The peculiar evil of silencing the expression of an opinion is that it is robbing the human race; posterity as well as the existing generation; those who dissent from the opinion, still more than those who hold it. If the opinion is right, they are deprived of the opportunity of exchanging error for truth: if wrong, they lose, what is almost as great a bene­fit, the clearer perception and livelier impression of truth, produced by its collision with error.

That is fine, so far as it goes; but what if it is not truth that people are seeking, but some other benefit, such as membership, solidarity, or consolation? Is freedom of opinion the same benefit in the search for consolation as it is in the search for truth? Clearly not. Religions, Durkheim taught us, offer membership, and that is their social function. They fill the void in the human heart with the mystical presence of the group, and if they do not provide this benefit they will wither and die, like the religions of the ancient world during the Hellenistic period. It is in the nature of a religion to protect itself from rival groups and the heresies that promote them. It is therefore not an accident that heretics are marginalized, murdered, or burned at the stake.

Of course, we Christians no longer engage in those practices, since we have learned the art of putting our religion on hold when dealing with those who do not share it, thereby clearing as much space as possible for the free discussion of alternatives. But this ongoing compromise, between religion and free inquiry, is foreign to many other worldviews. We now have living among us people who believe that errors of religion are punishable by death and that those who carry out this punishment win special favor with the Almighty.
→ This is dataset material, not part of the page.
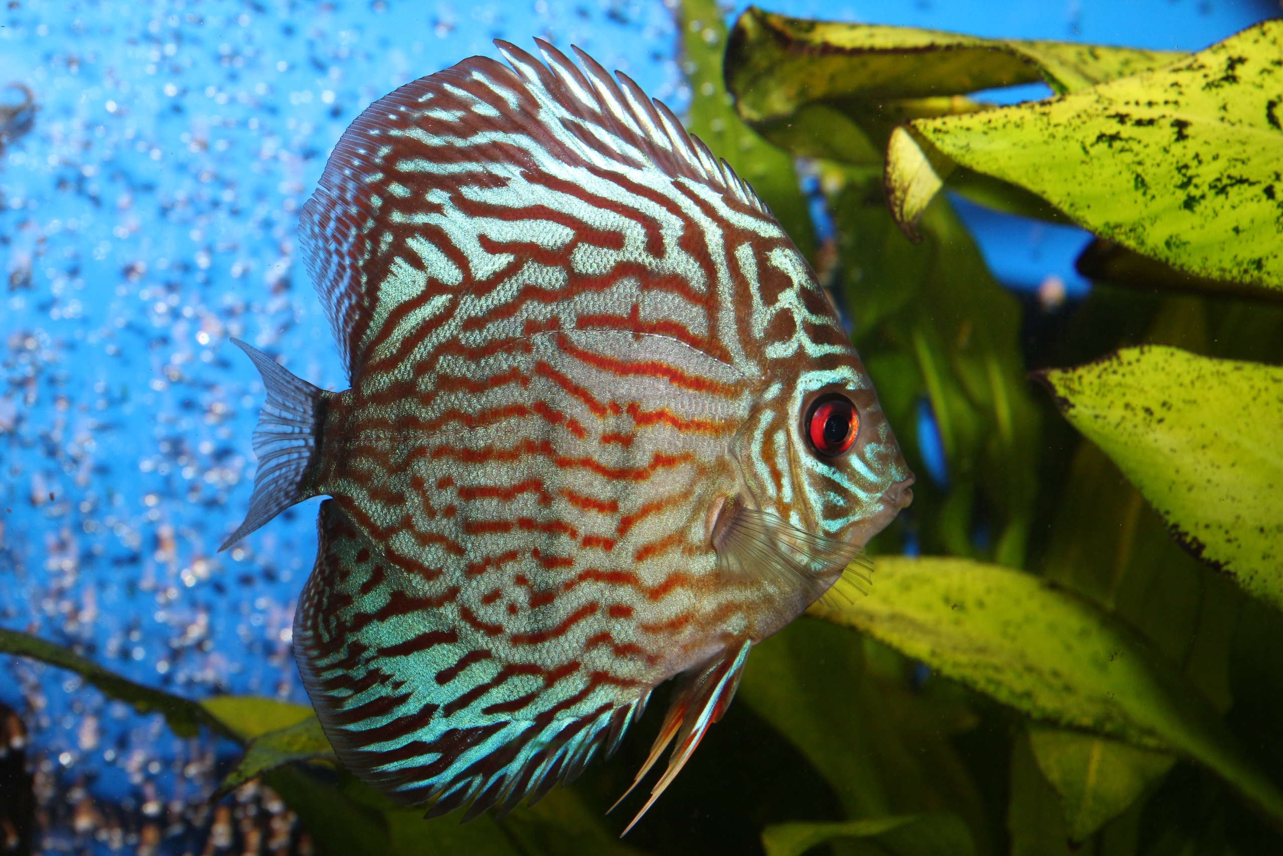 Каждый человек, который любит и содержит аквариумных рыбок дискус, должен знать, как за ними ухаживать, чем кормить дискусов, и все тонкости этой разновидности рыб. Кормить дискусов нужно 2 раза в день, — при этом нужно, чтобы корм не оставался на поверхности воды в аквариуме, длительное время: длительное нахождение корма в воде увеличивает уровень аммиака, а это очень вредно для рыб. Поэтому нужно, чтобы рыбы съедали весь корм на протяжении 5-10 минут. Дискус не очень охотно питается с поверхности аквариума, поэтому лучше, если корм находится на дне аквариума. Существует три разновидностей корма для дискусов – живые корма, замороженные и сухие. Живым кормом для дискуса является мотыль и трубочник. Многие аквариумисты утверждают, что мотыль обязательно должен присутствовать в корме дискуса, поскольку он способствует правильной работе кишечника рыбы.Рыбок кормят живым кормом (мотыль и трубочник, артемия им не очень нравится) или специально приготовленным фаршем, не лишними будут и качественные корма с витаминами и добавками для цвета.

Interestingly enough, however, it is not every error of religion that calls down this response. This fact is of the first importance in understanding our changed circumstances today. A Glasgow shopkeeper, Asad Shah, was recently savagely murdered by a young man called Tanveer Ahmed. Mr. Shah’s offense was that he belonged to the Ahmadi sect of Islam, a branch of the Shi’a that welcomes open relations with nonbelievers and extends a Sufi-like goodwill toward those who have yet to obtain salvation—a fact not unconnected with Mr. Shah’s status as a loved and respected neighbor of the people among whom he had settled. As the murderer was led away to life imprisonment, crowds of fellow Sunnis gathered outside the court to proclaim their support, while Mr. Ahmed himself, who openly confessed to the crime, expressed no regret for having committed it. On the other hand, Mr. Ahmed insisted that he felt no aggression toward Christians, Jews, or adherents of some other religion. He was offended by a heresy within Islam, not by the existence of a rival faith. In a peculiar way, trapped as he was by a quasi-genetic imperative of which he was merely the contemptible slave, he wished to vindicate his action in the eyes of his fellow Sunnis, and was entirely indifferent to the rest of the world. It was not error that offended him but deviation in the heart of his own inherited community.

The example is one of many, and we should learn from it. The heretic offends not because he has acquired the wrong beliefs in the course of his religious inquiries. Christians, Jews, and atheists are all in error, as far as Mr. Ahmed was concerned. But their errors were not Mr. Ahmed’s concern, and in no way offensive to him. Mr. Shah, however, was a heretic, one whose errors are not just errors but crimes, since they attack the group from a place within its spiritual territory. Heretics are essentially subversive: to accept what they say is to acknowledge that, in some deep sense, the group is arbitrary, that it might have been put together in another way, and that those currently regarded as members and side-by-side with you in life might have been strangers, even enemies, in the search for spiritual and geographical Lebensraum. This thought is subversive of the whole religious project, since it tells you that, after all, truth is not what religion is about, that any old doctrine might have served just as well, provided the benefits of membership flowed from it. In effect, though not in intention, the heretic relativizes what must be believed absolutely if it is to be believed at all.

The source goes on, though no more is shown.